Does our belief in its realism come from the unfamiliarity of the locations used? We have notions of what Shnaghai looks like, but not of what its periphery does. What is it about the actual context of urbnanisation that allows us to see these cities as possible futures? One might recall that Dredd is partly filmed in Johannesburg, Cape Town, for example.
Many sequences blur together landscapes, buildings, and infrastructures from different cities-yet this unfamiliar new place to which we’ve been introduced might very well exist. Novelist William Gibson’s famous line goes, « the future is already here, it’s simply unevenly distributed »
This also appears to be true in the context of architectural form and urban landscapes.

At this moment, it would be interesting to bring Kenneth Frampton’s thoery of architecture into the picture. He proposes that « the building invariably comes into existence out of the constantly evolving interplay of three converging vectors : the topos, the typos and the tectonic ». Topos refers to the site, the environment and the context in which a building is constructed. Typos refers to the function or purpose of the space that a building defines. And finally,tectonics refers to the hysical construction of the building, the assembly of its elements. If one were to take topos, or the site, out of the formula, what were to happen ? If we began building city ‘types’ or ‘units’ that could be airlifted into any place in the world, how would the absence of connection based on topological or even historical meaning, affect the attitude of its inhabitants ? Indeed, it appears that Code 46 poses the question of cities bui in places without history and therefore rendering the city itself incomprehensible.
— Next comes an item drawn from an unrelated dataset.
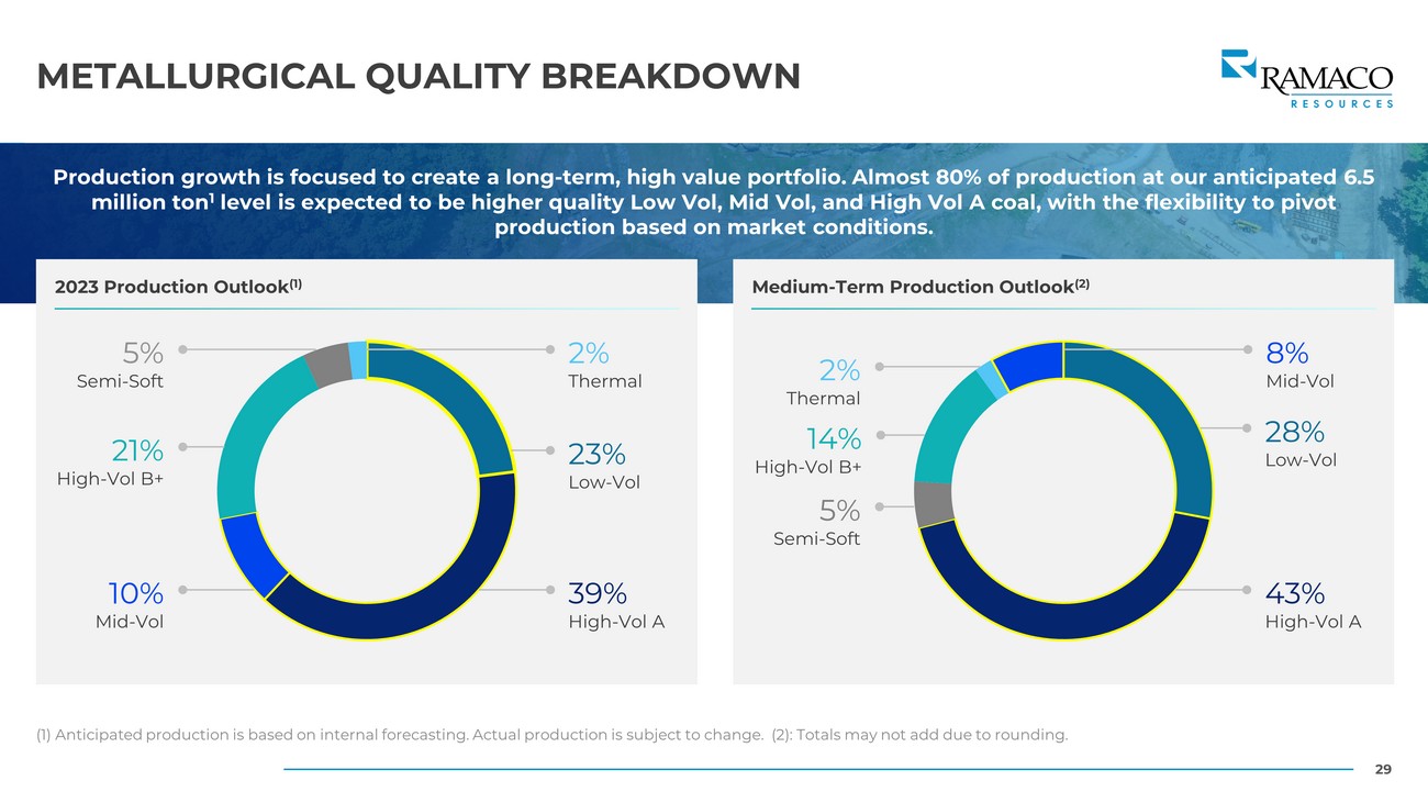 28 LOW CASH MINE COSTS; MEANINGFUL MARGIN GROWTH (1) Ramaco includes just Elk Creek Complex, as both Berwind and Knox Creek Complexes were ramping up production. Results are for full - year 1Q23. Peers include (alphabetically): Alpha, Arch, Coronado, Peabody, Warrior; Source: Company documents, Bloomberg. Our mine costs were among the industry’s lowest in 2022. Despite industry - wide inflationary pressures, we are committed to staying at the low end of the U.S. cost curve. Ramaco Quarterly Margins Per Ton In 1Q23, our Elk Creek cash mine costs declined to $90/ton, well below 2022 levels. For full - year 2022, our cash margins averaged more than $100 per ton, compared to $38 per ton for 2021, which was our previous record year. Cash margins increased 18% sequentially in 1Q23, mainly on lower cash mine costs. Met Coal Cash Costs ($/short ton FOB mine) (1) $70 $80 $90 $100 $110 $120 $130 $140 $150 Peer 1 Ramaco Peer 2 Peer 3 Peer 4 Peer 5 $0 $50 $100 $150 $200 $250 $0 $20 $40 $60 $80 $100 $120 $140 2Q21 3Q21 4Q21 1Q22 2Q22 3Q22 4Q22 1Q23 Margins Per Ton Realized Price Margins Per Short Ton FOB Mine Realized Price Per Short Ton FOB Mine

If we were to look at the example of Dubai, we see a concentration of architecture without connection to the earth it stands upon. Built in an otherwise inhospitable environment, the city requires desalinisation plants to supply 98,8% of its water. Dubai has become symbolic for its skyscrpers and high rise buildings ,although, originally, the skyscraper was created as a response to stop Chicago’s horizontal sprawling, and seek a vertical densification. The BLDG BLOG phrases a nice description, and one that I’d like to associate with a city like Dubai : “Cities now erupt and linger; they are both too early and far too late. Cities move in, take root and expand, whole neighborhoods throwing themselves together in convulsions of glass and steel.” The image of the Emerald City in the Wizard of Oz appears, therefore, not too distant.